=== Task description ===
Repeat the lines below exactly as written, please, from the line with "意味不明あだ名 | 『永久保存かずやだいごみずきりいぬ』 |" to the line with "6月15日,網絡上出現一段視", both lines included, and no others.

=== Supplied material ===
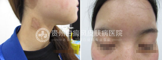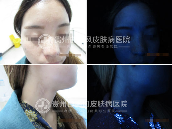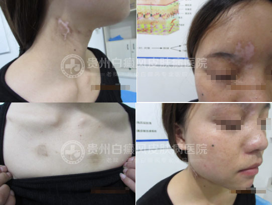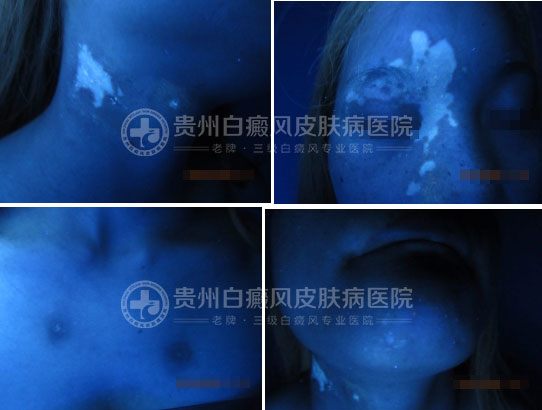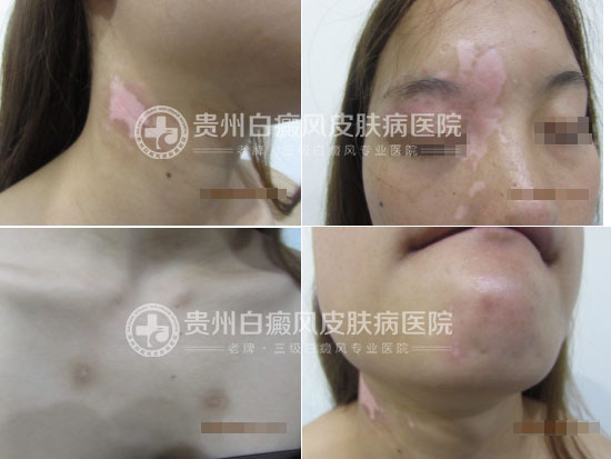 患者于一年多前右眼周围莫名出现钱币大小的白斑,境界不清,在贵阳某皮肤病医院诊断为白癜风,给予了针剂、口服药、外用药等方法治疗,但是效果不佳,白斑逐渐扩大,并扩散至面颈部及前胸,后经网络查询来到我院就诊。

--

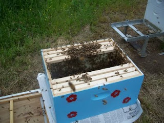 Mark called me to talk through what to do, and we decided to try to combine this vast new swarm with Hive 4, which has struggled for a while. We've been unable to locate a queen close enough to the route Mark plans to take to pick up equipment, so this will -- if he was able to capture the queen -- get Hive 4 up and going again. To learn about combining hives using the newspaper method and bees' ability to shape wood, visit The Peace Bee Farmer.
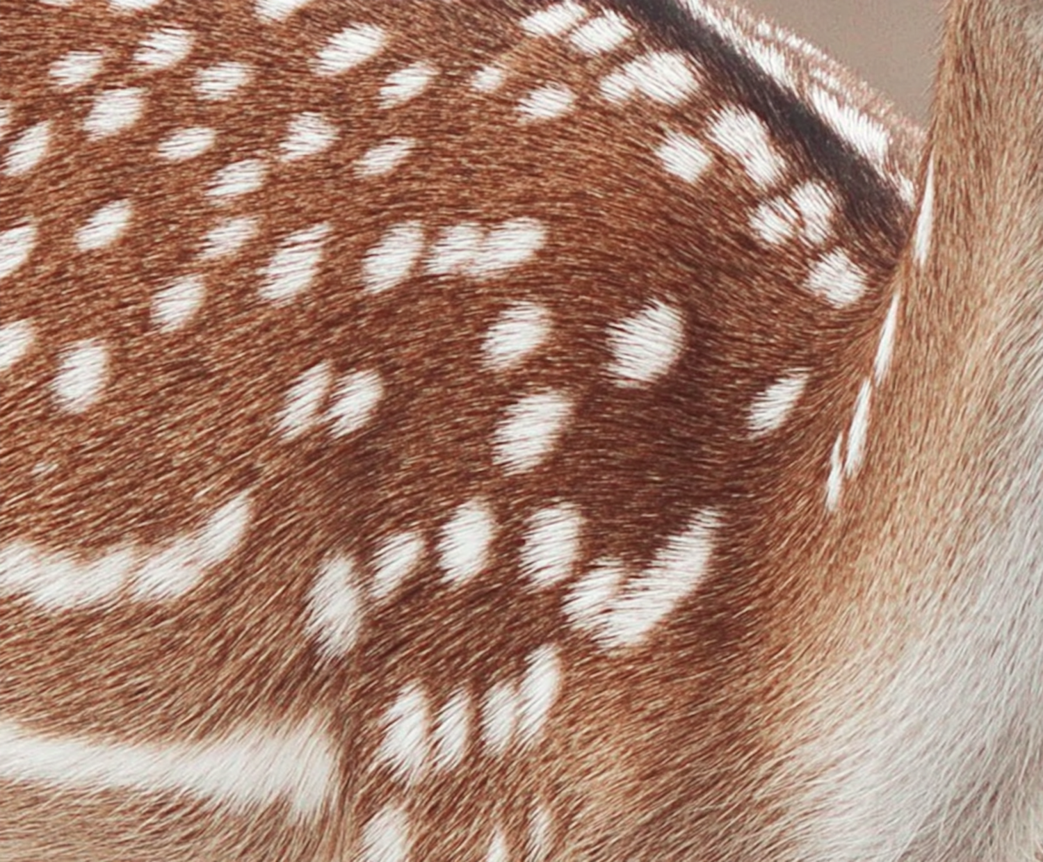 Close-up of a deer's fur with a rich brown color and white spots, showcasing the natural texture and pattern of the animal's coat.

---

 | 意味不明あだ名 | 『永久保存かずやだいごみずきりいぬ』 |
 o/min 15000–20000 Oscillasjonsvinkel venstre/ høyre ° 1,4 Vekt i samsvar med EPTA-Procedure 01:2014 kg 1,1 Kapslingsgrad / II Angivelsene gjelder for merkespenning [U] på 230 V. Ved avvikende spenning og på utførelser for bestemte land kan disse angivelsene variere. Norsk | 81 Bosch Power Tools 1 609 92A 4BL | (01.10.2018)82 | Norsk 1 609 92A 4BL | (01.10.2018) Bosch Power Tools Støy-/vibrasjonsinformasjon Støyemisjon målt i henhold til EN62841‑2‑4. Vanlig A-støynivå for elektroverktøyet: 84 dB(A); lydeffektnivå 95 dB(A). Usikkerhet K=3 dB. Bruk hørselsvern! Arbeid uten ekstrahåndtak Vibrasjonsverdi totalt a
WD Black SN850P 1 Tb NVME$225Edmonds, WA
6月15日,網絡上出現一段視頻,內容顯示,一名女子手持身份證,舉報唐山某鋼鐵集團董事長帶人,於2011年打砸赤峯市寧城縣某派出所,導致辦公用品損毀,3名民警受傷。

=== Exercise result ===
 | 意味不明あだ名 | 『永久保存かずやだいごみずきりいぬ』 |
 o/min 15000–20000 Oscillasjonsvinkel venstre/ høyre ° 1,4 Vekt i samsvar med EPTA-Procedure 01:2014 kg 1,1 Kapslingsgrad / II Angivelsene gjelder for merkespenning [U] på 230 V. Ved avvikende spenning og på utførelser for bestemte land kan disse angivelsene variere. Norsk | 81 Bosch Power Tools 1 609 92A 4BL | (01.10.2018)82 | Norsk 1 609 92A 4BL | (01.10.2018) Bosch Power Tools Støy-/vibrasjonsinformasjon Støyemisjon målt i henhold til EN62841‑2‑4. Vanlig A-støynivå for elektroverktøyet: 84 dB(A); lydeffektnivå 95 dB(A). Usikkerhet K=3 dB. Bruk hørselsvern! Arbeid uten ekstrahåndtak Vibrasjonsverdi totalt a
WD Black SN850P 1 Tb NVME$225Edmonds, WA
6月15日,網絡上出現一段視頻,內容顯示,一名女子手持身份證,舉報唐山某鋼鐵集團董事長帶人,於2011年打砸赤峯市寧城縣某派出所,導致辦公用品損毀,3名民警受傷。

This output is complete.